Both models are automatically tuned and cross-validated to determine the best architecture for your specific dataset.

Project Structure

eeg-classify/
├── 1_convert_edf_to_npy.py      # Step 1: EDF to NPY conversion
├── 2_curate_dataset.py          # Step 2: Dataset segmentation and labeling
├── 3a_tune_cnn_model.py         # Step 3a: CNN hyperparameter tuning
├── 3b_tune_lstm_model.py        # Step 3b: LSTM hyperparameter tuning
├── 4a_train_and_validate_cnn.py # Step 4a: CNN cross-validation and training
├── 4b_train_and_validate_lstm.py # Step 4b: LSTM cross-validation and training
├── 5_predict.py                 # Step 5: Enhanced inference tool (batch support)
├── compare_models.py            # Model comparison utility
├── predict_drag_drop.bat        # Windows drag-and-drop prediction tool
├── requirements.txt             # Python dependencies
├── README.md                    # This file
├── data/                        # Data directory
│   ├── raw/                     # Original EDF files
│   │   ├── healthy/             # Healthy subjects
│   │   └── schizophrenia/       # Schizophrenia subjects
│   ├── npy/                     # Converted NPY files
│   ├── X_dataset.npy            # Final feature dataset
│   ├── y_dataset.npy            # Final labels
│   ├── best_hyperparameters_cnn.txt # CNN optimal hyperparameters
│   └── best_hyperparameters_lstm.txt # LSTM optimal hyperparameters
├── models/                      # Trained models
│   ├── eeg_classify_cnn_v1.h5   # Final trained CNN model
│   ├── eeg_classify_lstm_v1.h5  # Final trained LSTM model
│   ├── scaler_cnn.pkl           # CNN data scaler
│   └── scaler_lstm.pkl          # LSTM data scaler
└── logs/                        # Training logs and tuning results
    ├── tuner_cnn/               # CNN hyperparameter tuning logs
    └── tuner_lstm/              # LSTM hyperparameter tuning logs

Quick Start

Prerequisites

Python 3.7 or higher
At least 8GB RAM (16GB recommended for large datasets)
GPU support recommended for model training

Installation

Clone or download this project
Install dependencies:
```
pip install -r requirements.txt
```

Data Preparation

Prepare your EDF data by organizing it in this structure:

data/raw/
├── healthy/
│   ├── subject1.edf
│   ├── subject2.edf
│   └── ...
└── schizophrenia/
    ├── subject1.edf
    ├── subject2.edf
    └── ...

Usage Guide

Step 1: Convert EDF to NPY

Convert your EDF files to efficient NumPy format:

python 1_convert_edf_to_npy.py

What it does:

Recursively finds all .edf files in data/raw/
Loads each file with MNE and extracts numerical data
Transposes to (timesteps, channels) format
Saves as .npy files in data/npy/

Expected output:

Found 45 EDF files to convert
✓ Converted: subject1.edf -> Shape: (12000, 19)
✓ Converted: subject2.edf -> Shape: (15000, 19)
...
Conversion completed successfully!

Step 2: Curate Dataset

Create segmented, labeled dataset for training:

python 2_curate_dataset.py

What it does:

Loads all .npy files from both healthy and schizophrenia folders
Creates overlapping segments (default: 1000 timesteps with 500 overlap)
Assigns labels (0 = healthy, 1 = schizophrenia)
Saves final dataset as X_dataset.npy and y_dataset.npy

Expected output:

Processing 25 files from data/npy/healthy
Processing 20 files from data/npy/schizophrenia
Final Dataset Summary:
  X shape: (2847, 1000, 19) (samples, timesteps, channels)
  y shape: (2847,) (samples,)
  Total segments: 2847
    - Healthy (label=0): 1423
    - Schizophrenia (label=1): 1424

Step 3: Hyperparameter Tuning

The project supports two different model architectures.

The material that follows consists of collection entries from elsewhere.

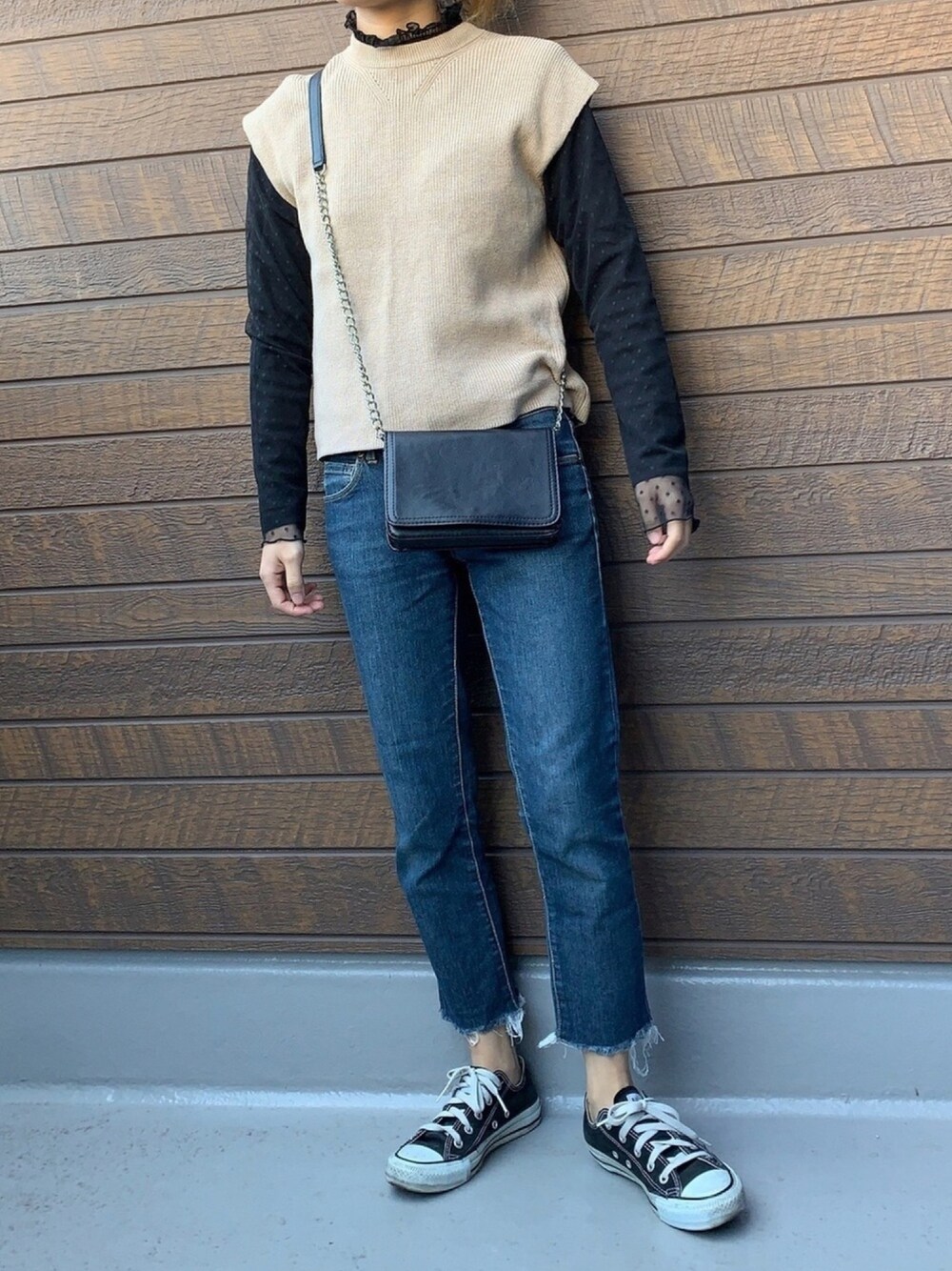 ニットベストとシースルーインナーはセールで買ったから靴まで含めて1万円コーデ💰
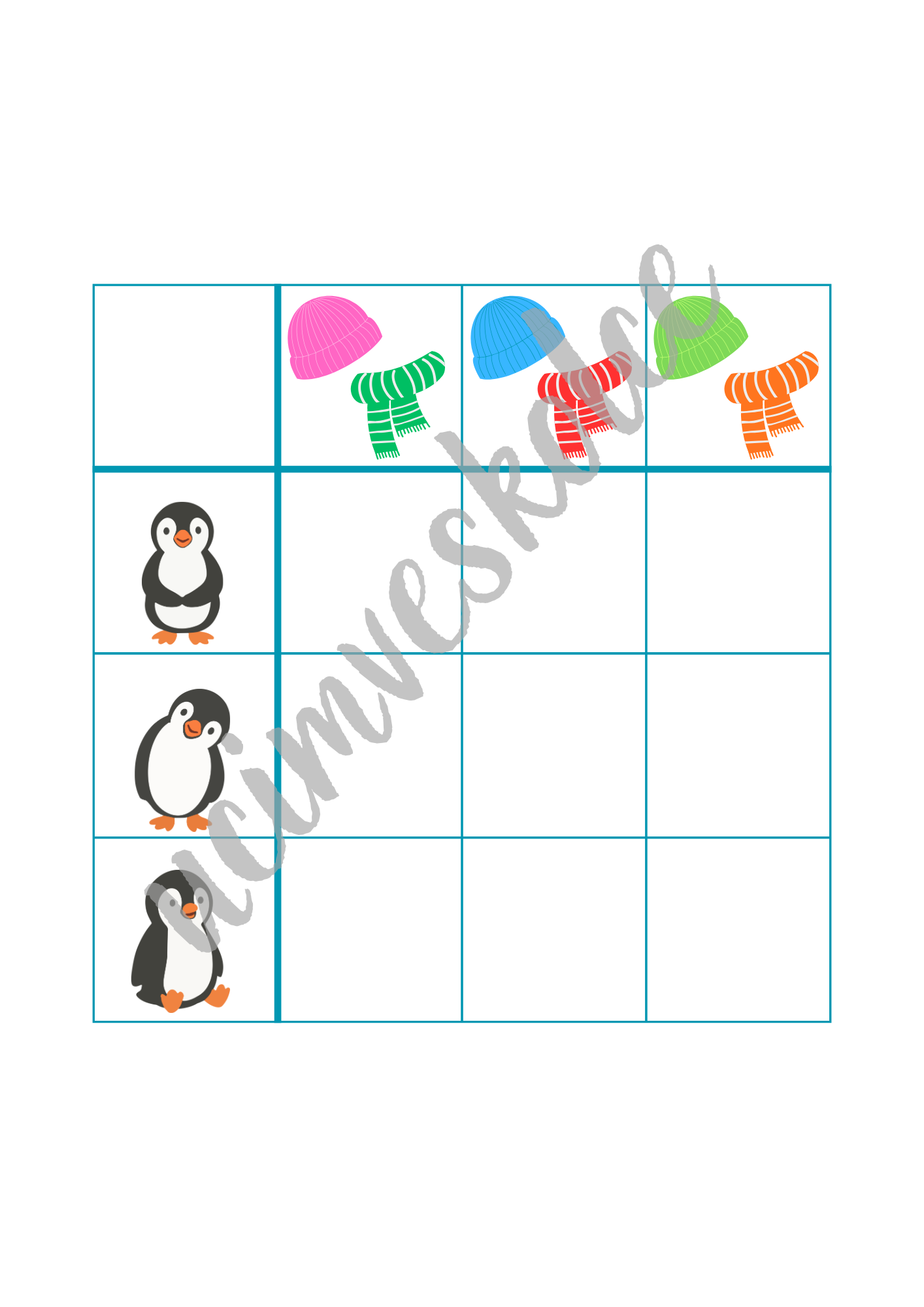 - v levém sloupci každé tabulky jsou obrázky různých tučňáků
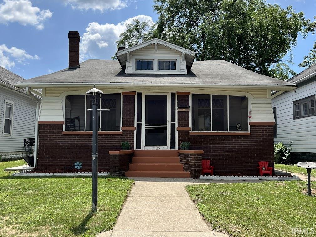 This adorable bungalow just might be what you are looking for! Enclosed front porch to enjoy the changing of the seasons. The centerpiece of the living room is the gas fireplace. You will also find built in china cabinets, French doors and lead glass windows in the living room. There are hardwood floors in the living room and bedrooms. The kitchen has updated cabinets, counters, back splash and ceramic tile flooring. The bath has been updated as well with subway tiled bath surround and decorative tile. There is a potential 3rd bedroom that could also be used as a home office. The walk in closet is now the makeup room. There is a good sized basement with updated HVAC and plumbing and room for extra storage. The attic is partially floored and is accessed by the wood attic ladder in the hallway. There is a patio in the back and a carport for off street parking. Super cute house!
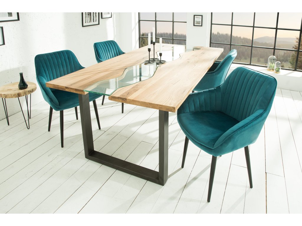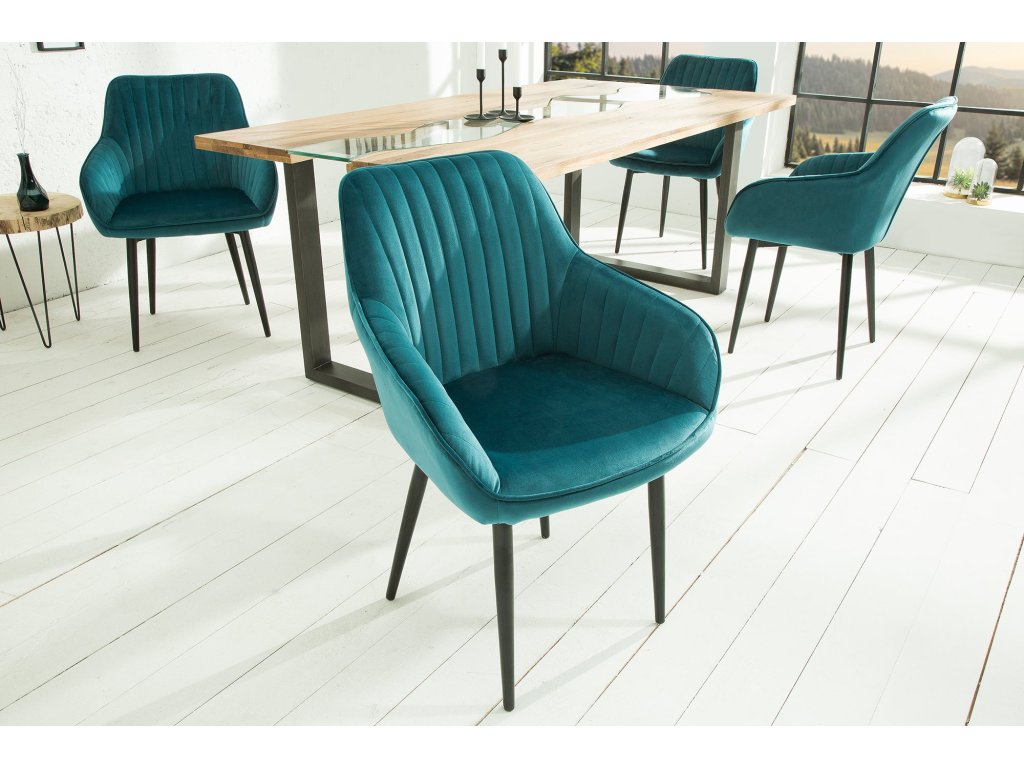 Židle TURIN s područkami sametově tyrkysová
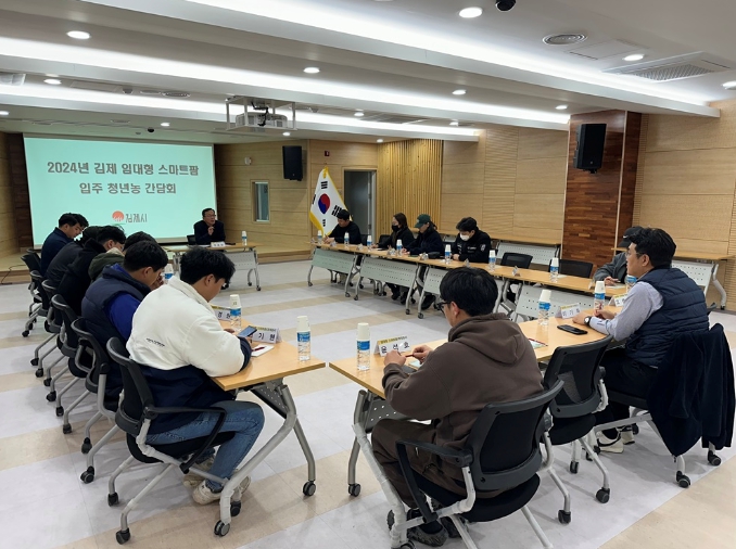 시는 지난 21일 김제 스마트팜 혁신밸리 지원센터에서 임대형 스마트팜 청년농 이후찬 대표를 비롯한 청년농 29명이 참석한 가운데 간담회를 가졌다고 밝혔다.
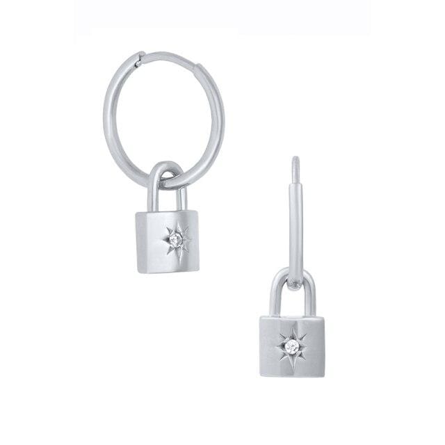ROXI Drop Glossy Lock Crystals Stars Hoop Earrings for Women 925 Sterling Silver Jewelry Wedding Earring Cartilage Pendientes
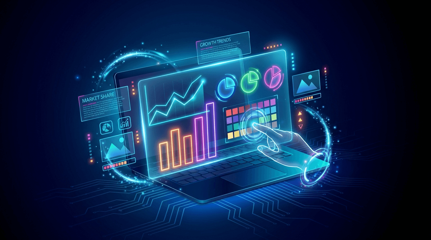 社外への業績の報告や市場の分析結果を説明するためのスライド素材を生成します。
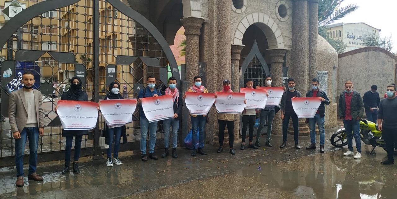 صور|| وقفة طلابية بجامعة الأزهر تدعو لتخفيض سعر الساعة الدراسية
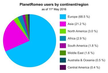 Keywords: PlanetRomeo users by continent or region, as of 11th May 2016.svg en This graphic has a pie chart showing planetromeo com user distribution by continent/region as of 11th May 2016 de Diese Grafik enthält ein Tortendiagramm das die Verteilung von Nutzern von planetromeo com nach Kontinent/Region aufzeigt Stand 11 Mai 2016 own Badgon 2016-05-11 Otherversion GayRomeo users by region as of 29th July 2012 png Older PNG version A + Cc-zero PlanetRomeo SVG charts in English SVG pie charts |

You can train both and compare their performance:

Option A: CNN Model

python 3a_tune_cnn_model.py

Option B: LSTM Model

python 3b_tune_lstm_model.py

What they do:

CNN: Explores 1D Convolutional architectures optimized for spatial pattern recognition
LSTM: Explores Long Short-Term Memory architectures for temporal sequence modeling
Both use KerasTuner to find optimal hyperparameters automatically
Save results to data/best_hyperparameters_cnn.txt (CNN) and data/best_hyperparameters_lstm.txt (LSTM)

This step may take several hours! The scripts will show progress:

Starting hyperparameter search...
Trial 1/50: Training model with [architecture details]...
...
Best Hyperparameters Found:
  [Model-specific parameters]
  Validation Accuracy: 0.8764

Compare Both Models

python compare_models.py

This utility compares the performance of both architectures and recommends which to use for final training.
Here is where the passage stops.